Prompt:
Quote the listing in full, exactly as given, minus any pictures.

Supplied material:
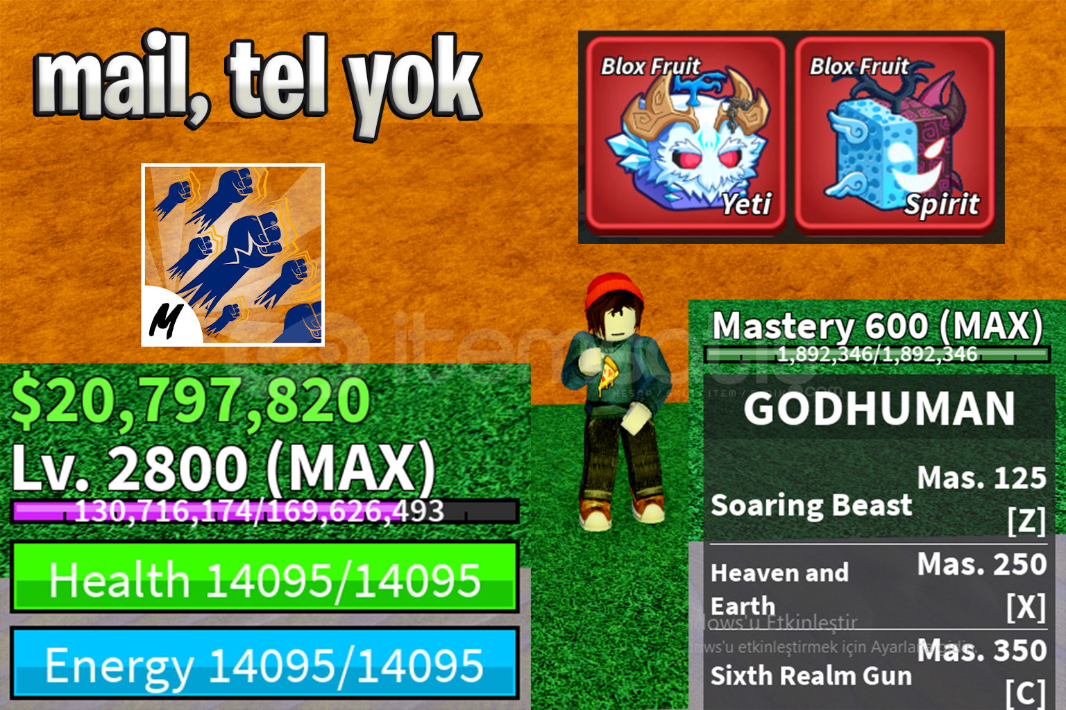 BF MAX LVL + YETI FRUIT + GOD HUMAN HESAP
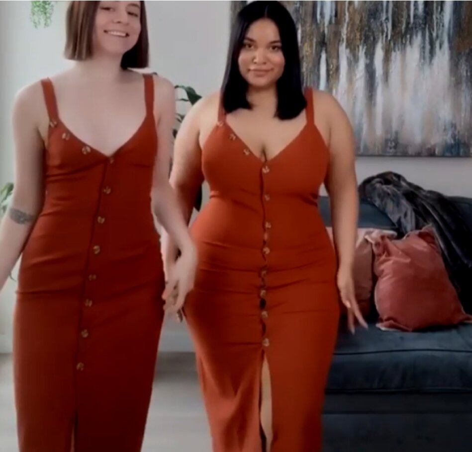 Это всегда очень интересно смотреть, как выглядит одинаковая одежда на двух девушка разного размера.
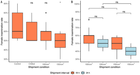 Mean insemination rate Aedes aegypti females after mating with males exposed to different shipment conditions: (A) shipment period of 6 h with comparisons always using the control group as reference; (B) comparison of 6 and 24 h for both densities (N = 80 females/group; 8 males/group, 240 spermathecae/group). Significance values goes as ‘*’ < 0.05, ‘ns’ < 0.1. Black dots correspond to potential outliers among the samples.
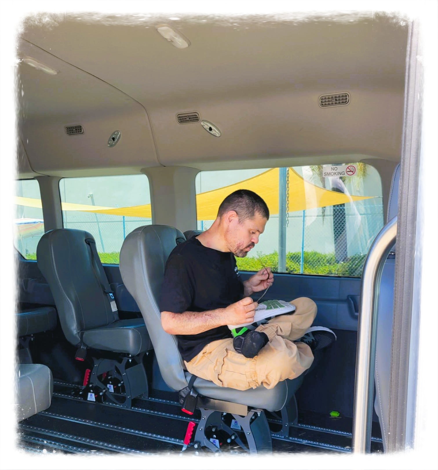 Darren ready for an outing on the Mountain Shadows transportation bus |

Solution below:
 BF MAX LVL + YETI FRUIT + GOD HUMAN HESAP
 Это всегда очень интересно смотреть, как выглядит одинаковая одежда на двух девушка разного размера.
 Mean insemination rate Aedes aegypti females after mating with males exposed to different shipment conditions: (A) shipment period of 6 h with comparisons always using the control group as reference; (B) comparison of 6 and 24 h for both densities (N = 80 females/group; 8 males/group, 240 spermathecae/group). Significance values goes as ‘*’ < 0.05, ‘ns’ < 0.1. Black dots correspond to potential outliers among the samples.
 Darren ready for an outing on the Mountain Shadows transportation bus |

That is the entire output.